Saturday, January 23, 2010

musim... = season

spring, summer, fall and winter is usually how the states determine the seasons... here it has to do with the fruit... oh it's musim manga (mangoes) or musim duku (no english tranlation)... right now it's musim rambutan (no english translation, but it's a little like leches). i love the fruits here so exotic and so beautiful. i just wish it didn't come with so many bugs.

seasons of life are not measurable... and sometimes it's sad how people try to define a season of life for themselves before they even start the season. usually planners... ha ha... that's me. i realized shortly after P's death, how i cannot by any means plan my life too far ahead as i had done before... the bad thing about this realization is that i, being the planner that i am, still have the urge to plan knowing that planning has no meaning because God is in control and things just may not happen the way we plan.
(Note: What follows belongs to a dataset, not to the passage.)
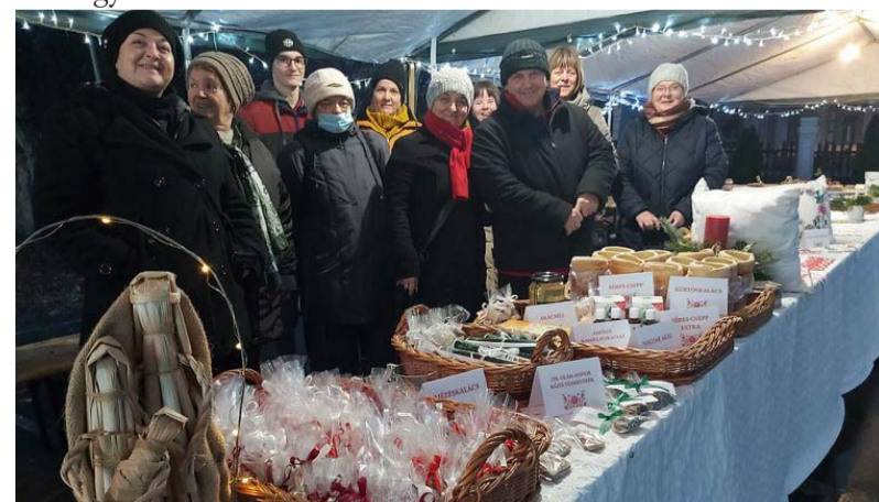
Az ünnepség rendezői

DAREH BÁZIS HULLADÉKGAZDÁLKODÁSI NONPROFIT ZRT.

my heart says it with such humbleness... i know in my heart, i may plan, but each day is to be lived for the Lord... planned as you see fit, but also with open hands seeing what the Lord desires of me daily. i really want the spirit to lead my day... my heart open to hear from Him who desires to lead me and desires me to listen.
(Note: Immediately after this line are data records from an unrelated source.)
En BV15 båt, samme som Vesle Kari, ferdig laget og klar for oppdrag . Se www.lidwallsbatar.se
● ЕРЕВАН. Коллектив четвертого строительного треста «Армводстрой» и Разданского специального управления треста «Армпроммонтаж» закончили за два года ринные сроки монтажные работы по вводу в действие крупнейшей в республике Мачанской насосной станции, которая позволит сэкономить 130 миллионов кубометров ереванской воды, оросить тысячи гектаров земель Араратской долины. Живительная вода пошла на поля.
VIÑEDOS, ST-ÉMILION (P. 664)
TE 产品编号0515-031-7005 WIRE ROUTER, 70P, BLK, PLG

a few days ago a friend involved in college ministries in the states e-mailed me and it was a short, but very encouraging e-mail. and as i read that e-mail, i wished that i had a leader like him when i was in college, investing in my life as he and his wife are doing.
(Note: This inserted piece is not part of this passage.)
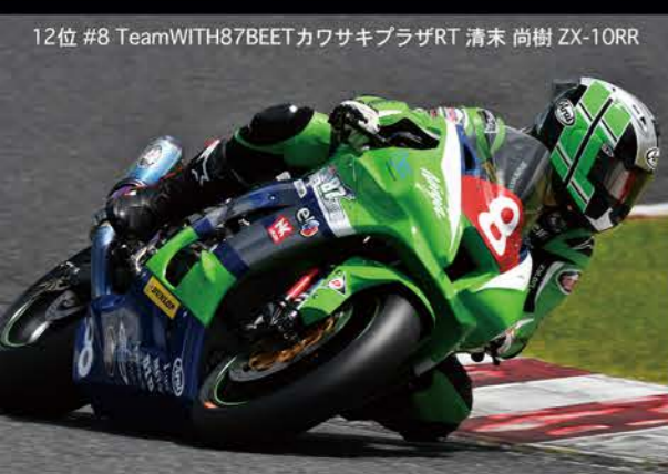
12位 #8 TeamWITH87BEET カワサキプラザRT 清末 尚樹 ZX-10RR

there are some seasons in my life i would like to do again... yet without those seasons, i guess i would not be the E that i am today.

Lord, thank you for the seasons i have had in my life, the short ones... the long ones... the very very short ones... the sweet ones... the hard ones... the fun ones... the ones full of memories... the breathtaking ones... the i can't get out of bed ones... all those seasons, ordained by You... creates the woman i am today. Thank you for letting me see Your hand in my life through all those seasons... sometimes i have to say, it took a while to see Your hand much less Your goodness in it, but let me say God... You are good and i want nothing more than to spend the rest of my life telling people of the wonderful things you have in my life. my only prayer Lord is that A will grow up to have a heart for people... my only prayer is that there will be people in her life that will invest in her, especially godly men, to grow her into a godly woman that You want her to be. Father, i can't do it by myself... i need you to help me parent her as You are growing me... some may say she's too young, but she is something else... Lord be lord of her life starting now.

Father please hear the desires of our hearts!!!